# Checken ob ein Div vorhanden ist



## Kipaboy (8. Januar 2008)

n'abend zusammen,

ich hock hier grad vor meinen Javascript/Ajax code und komm einfach nicht mehr richtig weiter (oder steh total auf em Schlauch)...
Ich möchte prüfen ob ein bestimmtes "<div></div>" schon vorhanden ist oder nicht. Ich könnte zwar das innerhtml des div's auslesen und überprüfen ob dieses leer ist (div noch nicht da also auch noch nichts drin) aber das ist wohl nicht die feine Art.
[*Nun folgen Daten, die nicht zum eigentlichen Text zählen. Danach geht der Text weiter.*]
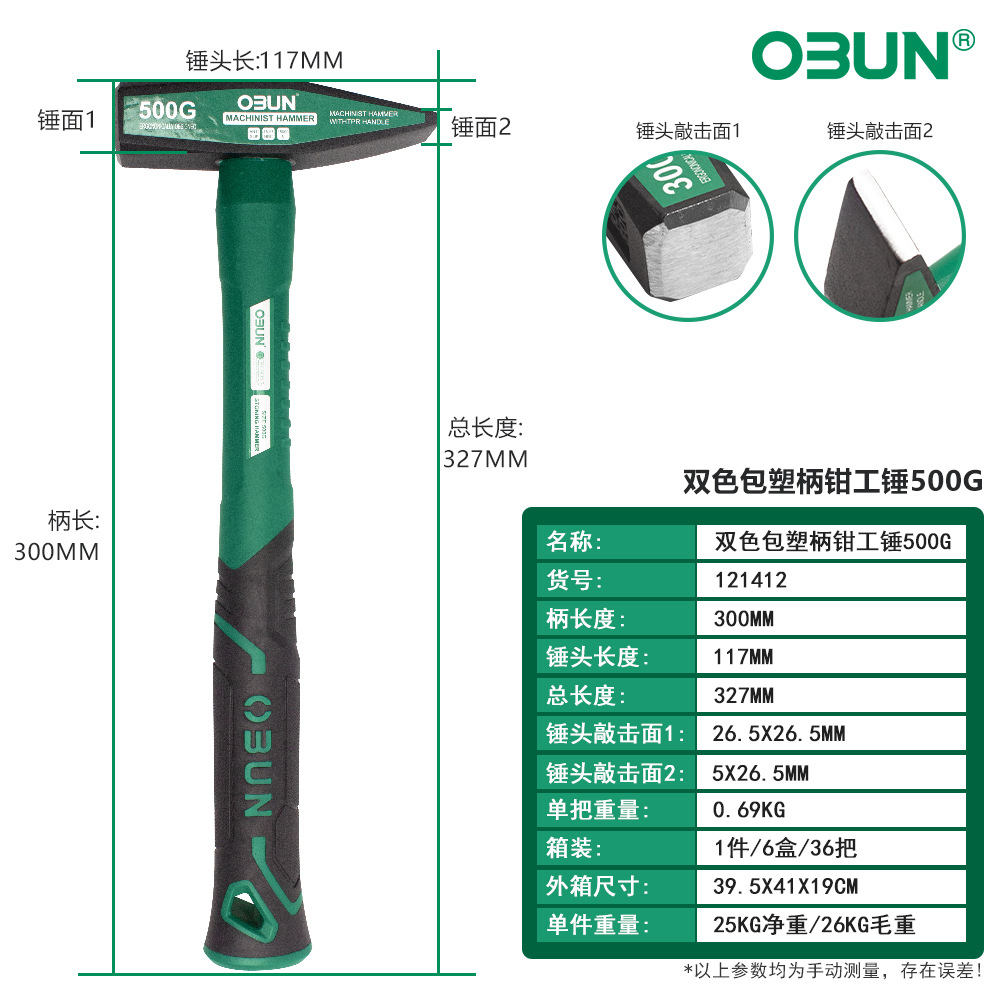 Oubang Fitter Hammer 다기능 2 색 플라스틱 핸들 피터 해머 높은 탄소 강철 포지셔닝 목공 해머 검게 처리스토어 가기
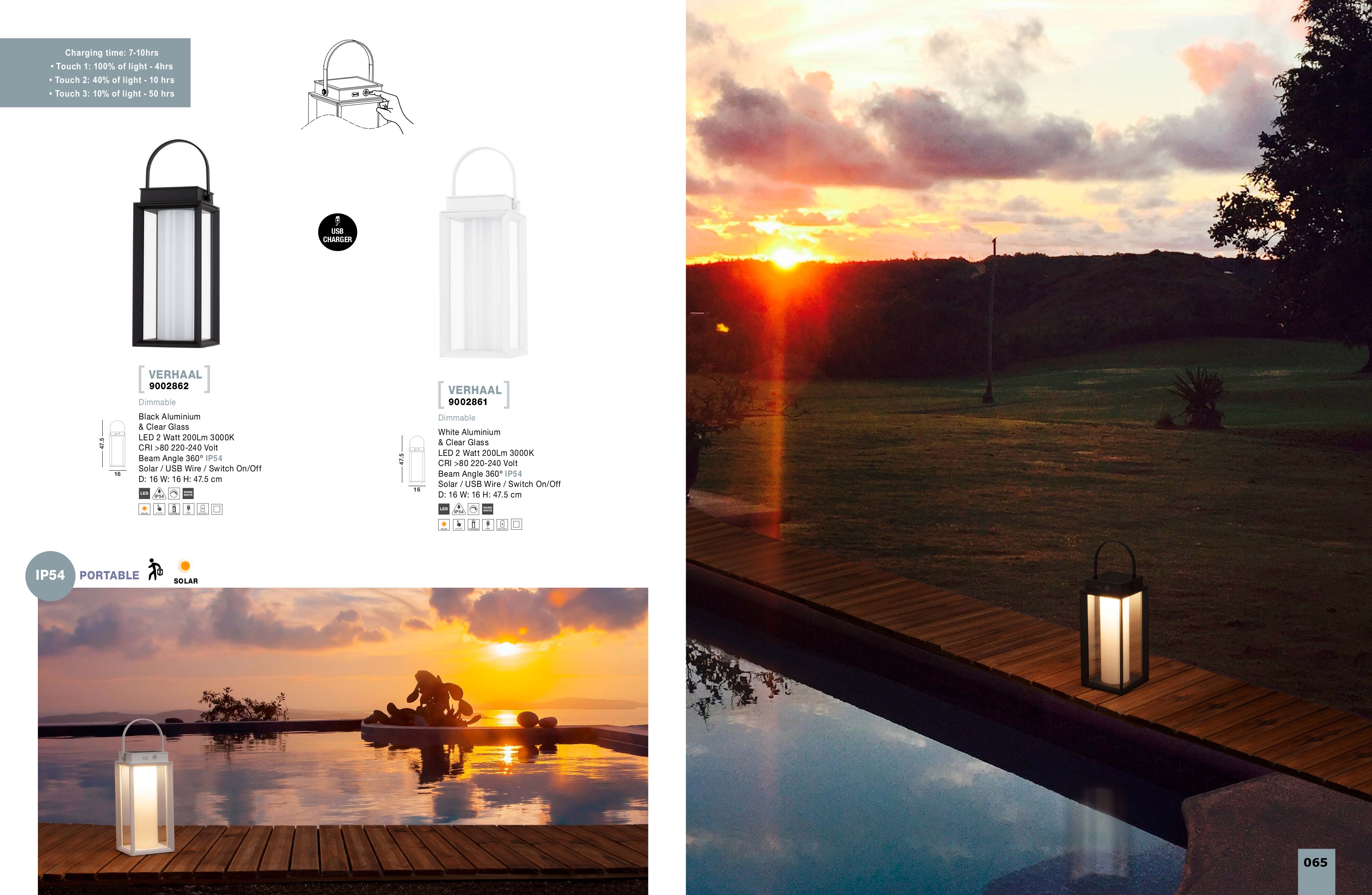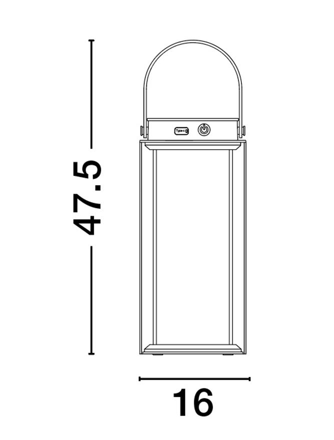 алуминий в бял цвят, прозрачно стъкло, ключ ON/OFF, порт type C, време на зареждане на лампата 7-10 часа, соларно зареждане

Und über Google und die Forumssuche finde ich auch nichts zu dem Thema.

hoffe auf schnelle Abhilfe,
mfg


----------



## FipsTheThief (8. Januar 2008)

Dazu müsstest Du den DIV Layer den Du suchst auch eindeutig identifizieren können.

Zum Beispiel über die ID oder NAME Attribute. ID wäre einfach bei dem Attribute NAME welcher ja auch nur einmal belegt werden sollte. Geht zwar auch öfters aber er würde weitere Element mit den Attribute NAME dann einfach mal ignorieren , kann man gut bei Formularen testen wo mehere Input Felder oder ähnliche Felder den selben Namen haben.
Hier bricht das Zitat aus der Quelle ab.